Brainy activities stimulate new connections between never cells and can help the brain grow new cells. This will build the functional reserve and manage future cell loss. Any mentally challenging activity will help improve your brain.

Read books, solve a Rubik’s cube, play chess, solve word problems, and experiment with new things. 

2. Get physical exercise

Research has proven that using muscles stimulates the brain. Regular exercise increases the number of blood vessels that supply oxygen to the brain. 

Exercise also causes the development of new brain cells and increases the synapses. This makes your brain more adaptive and efficient, improving your cognitive abilities even in old age. 

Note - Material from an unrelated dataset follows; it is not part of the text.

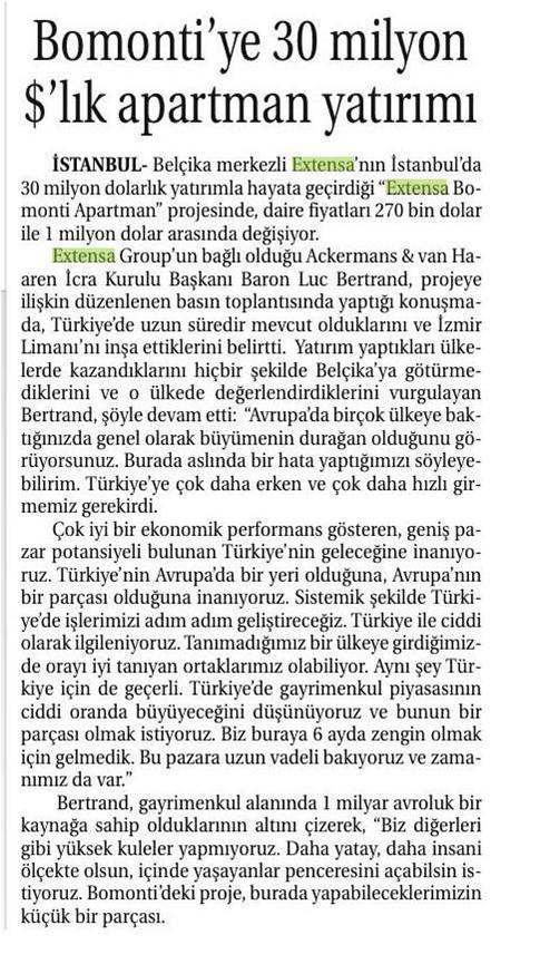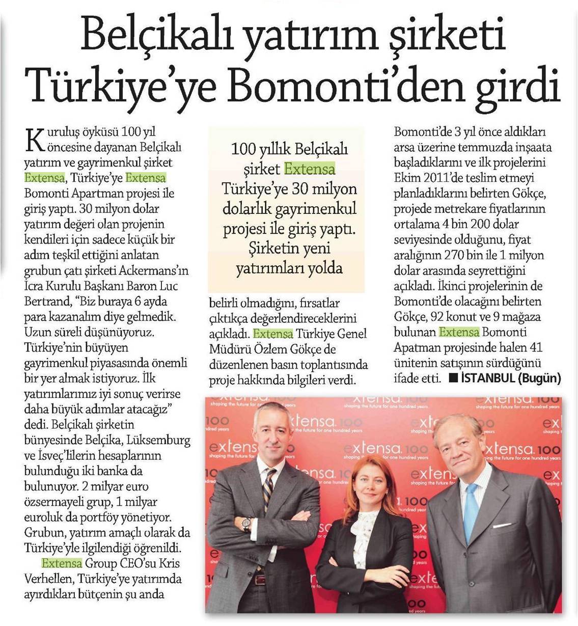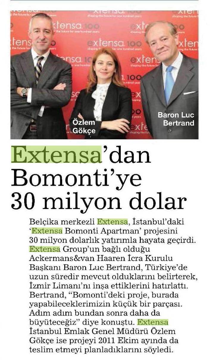Belçikali Extensa Bomonti apartmanla Türk pazarına girdi.

Exercise also lowers cholesterol and blood sugar levels, which helps your brain and heart. You will also eliminate stress and anxiety while exercising, a bonus for the brain.

3. Improve your diet

Good nutrition can help your brain by providing the necessary nutrients to improve its functionality. Foods like vegetables, fruits, nuts, fish, unsaturated oil, and proteins reduce the risk of cognitive impairment in old age.

Diabetes puts you at risk of dementia, and you can prevent it by eating the proper diet, working out, and staying lean. 

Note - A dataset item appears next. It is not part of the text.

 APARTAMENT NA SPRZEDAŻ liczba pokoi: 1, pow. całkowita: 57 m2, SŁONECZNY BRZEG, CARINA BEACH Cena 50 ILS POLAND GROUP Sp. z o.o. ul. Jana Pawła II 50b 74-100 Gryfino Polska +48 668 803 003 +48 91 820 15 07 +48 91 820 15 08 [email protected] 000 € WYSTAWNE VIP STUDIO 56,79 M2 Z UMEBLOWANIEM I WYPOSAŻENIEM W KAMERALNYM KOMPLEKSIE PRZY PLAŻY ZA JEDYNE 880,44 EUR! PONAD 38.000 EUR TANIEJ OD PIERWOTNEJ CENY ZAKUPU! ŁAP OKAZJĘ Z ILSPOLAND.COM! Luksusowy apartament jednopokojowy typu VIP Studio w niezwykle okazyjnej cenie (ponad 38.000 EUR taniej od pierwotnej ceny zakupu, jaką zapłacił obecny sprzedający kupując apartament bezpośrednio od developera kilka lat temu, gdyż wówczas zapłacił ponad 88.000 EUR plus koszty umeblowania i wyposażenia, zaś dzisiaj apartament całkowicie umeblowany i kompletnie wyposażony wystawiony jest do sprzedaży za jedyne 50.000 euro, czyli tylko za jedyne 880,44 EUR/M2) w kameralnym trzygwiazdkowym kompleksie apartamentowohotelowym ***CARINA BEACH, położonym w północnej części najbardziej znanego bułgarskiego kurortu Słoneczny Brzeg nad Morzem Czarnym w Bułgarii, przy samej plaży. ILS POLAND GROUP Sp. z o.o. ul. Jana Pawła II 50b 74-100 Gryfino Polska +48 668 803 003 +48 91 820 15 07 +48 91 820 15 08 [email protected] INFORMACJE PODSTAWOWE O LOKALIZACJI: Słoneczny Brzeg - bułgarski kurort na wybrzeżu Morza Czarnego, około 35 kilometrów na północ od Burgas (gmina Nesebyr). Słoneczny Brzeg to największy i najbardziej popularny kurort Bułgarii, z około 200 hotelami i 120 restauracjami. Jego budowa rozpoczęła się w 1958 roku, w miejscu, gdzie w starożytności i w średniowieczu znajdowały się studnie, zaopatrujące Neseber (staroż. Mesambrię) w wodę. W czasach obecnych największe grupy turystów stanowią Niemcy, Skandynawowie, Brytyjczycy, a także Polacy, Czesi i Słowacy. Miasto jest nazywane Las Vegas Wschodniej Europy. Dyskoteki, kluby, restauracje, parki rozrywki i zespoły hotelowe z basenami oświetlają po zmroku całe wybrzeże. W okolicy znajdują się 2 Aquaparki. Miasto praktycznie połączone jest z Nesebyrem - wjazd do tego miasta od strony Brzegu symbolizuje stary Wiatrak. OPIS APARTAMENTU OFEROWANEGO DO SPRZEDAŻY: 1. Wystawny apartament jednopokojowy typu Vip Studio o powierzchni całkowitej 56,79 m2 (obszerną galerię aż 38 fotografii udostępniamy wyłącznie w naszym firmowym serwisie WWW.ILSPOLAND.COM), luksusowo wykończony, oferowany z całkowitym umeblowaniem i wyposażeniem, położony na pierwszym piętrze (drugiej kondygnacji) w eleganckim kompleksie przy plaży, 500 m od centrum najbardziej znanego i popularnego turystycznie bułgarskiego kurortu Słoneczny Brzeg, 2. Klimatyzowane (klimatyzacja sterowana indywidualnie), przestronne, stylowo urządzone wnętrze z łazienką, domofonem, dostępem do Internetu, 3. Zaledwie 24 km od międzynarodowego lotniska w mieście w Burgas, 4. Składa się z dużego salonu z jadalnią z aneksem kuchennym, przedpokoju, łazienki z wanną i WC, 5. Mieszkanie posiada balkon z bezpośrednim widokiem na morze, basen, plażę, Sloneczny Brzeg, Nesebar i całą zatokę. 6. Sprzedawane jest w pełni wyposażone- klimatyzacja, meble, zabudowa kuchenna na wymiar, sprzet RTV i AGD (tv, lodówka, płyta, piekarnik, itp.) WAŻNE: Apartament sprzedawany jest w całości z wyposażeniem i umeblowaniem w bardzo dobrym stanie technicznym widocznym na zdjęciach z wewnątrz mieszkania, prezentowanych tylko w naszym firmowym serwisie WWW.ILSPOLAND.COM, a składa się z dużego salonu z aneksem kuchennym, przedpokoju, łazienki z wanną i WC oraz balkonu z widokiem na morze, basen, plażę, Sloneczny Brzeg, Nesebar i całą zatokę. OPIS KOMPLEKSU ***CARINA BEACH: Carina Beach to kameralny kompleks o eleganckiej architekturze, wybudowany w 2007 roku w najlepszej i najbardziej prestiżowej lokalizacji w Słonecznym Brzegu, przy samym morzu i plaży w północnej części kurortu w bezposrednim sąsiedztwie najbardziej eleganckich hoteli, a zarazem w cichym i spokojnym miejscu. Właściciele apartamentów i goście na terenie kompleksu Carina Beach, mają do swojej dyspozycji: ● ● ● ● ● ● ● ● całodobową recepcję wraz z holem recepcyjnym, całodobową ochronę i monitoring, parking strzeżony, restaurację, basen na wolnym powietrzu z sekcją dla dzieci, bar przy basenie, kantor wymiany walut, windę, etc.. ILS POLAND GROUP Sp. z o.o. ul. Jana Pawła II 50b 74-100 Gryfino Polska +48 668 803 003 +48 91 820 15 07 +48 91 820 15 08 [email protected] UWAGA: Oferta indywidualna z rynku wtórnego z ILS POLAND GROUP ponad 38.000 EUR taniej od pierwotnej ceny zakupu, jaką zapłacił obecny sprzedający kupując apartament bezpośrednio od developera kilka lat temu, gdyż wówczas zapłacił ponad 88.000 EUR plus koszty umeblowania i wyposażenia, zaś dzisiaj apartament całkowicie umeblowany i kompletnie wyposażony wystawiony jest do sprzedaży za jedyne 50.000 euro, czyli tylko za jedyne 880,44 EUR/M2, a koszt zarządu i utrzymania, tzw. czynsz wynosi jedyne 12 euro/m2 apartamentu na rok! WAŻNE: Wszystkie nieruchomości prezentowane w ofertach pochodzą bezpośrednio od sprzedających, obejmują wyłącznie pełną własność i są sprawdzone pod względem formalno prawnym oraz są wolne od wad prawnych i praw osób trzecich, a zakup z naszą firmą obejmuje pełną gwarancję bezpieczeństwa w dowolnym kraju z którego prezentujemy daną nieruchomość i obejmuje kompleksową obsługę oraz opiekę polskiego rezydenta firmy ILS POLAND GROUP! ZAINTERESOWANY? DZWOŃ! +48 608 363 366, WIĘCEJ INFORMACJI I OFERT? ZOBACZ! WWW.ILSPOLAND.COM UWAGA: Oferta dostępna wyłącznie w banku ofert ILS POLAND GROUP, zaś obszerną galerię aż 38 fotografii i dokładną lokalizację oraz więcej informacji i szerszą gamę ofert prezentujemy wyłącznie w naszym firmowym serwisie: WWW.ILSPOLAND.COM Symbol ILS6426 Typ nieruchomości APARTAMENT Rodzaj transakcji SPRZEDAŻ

You can use medication to get control if your blood sugar remains high and make any necessary lifestyle changes for your heart and brain. 

4. Improve your cholesterol

High levels of LDL will increase your risk of getting dementia when you get older. Avoid tobacco and eat the right food in your 20s and adulthood to decrease cholesterol levels. Avoid smoking, and if you need help, ask your doctor for medication.

High blood pressure in midlife will increase the risk of cognitive decline as you age, so change your lifestyle to keep the pressure low. 

Your brain should have a consistent blood supply throughout your life to keep it healthy and developing as it should.

Conclusion

You now know what color is the human brain, and you have a basic understanding of what makes it up. The human brain is one of the most fascinating things about our species, and even with centuries of research, there is still a lot we don’t know.

The brain controls every aspect of who we are as people, from our physical capabilities and actions to our thoughts and emotions. 

This makes it an important asset to take good care of. A healthy brain will serve you well into your old age, and you will have the best life.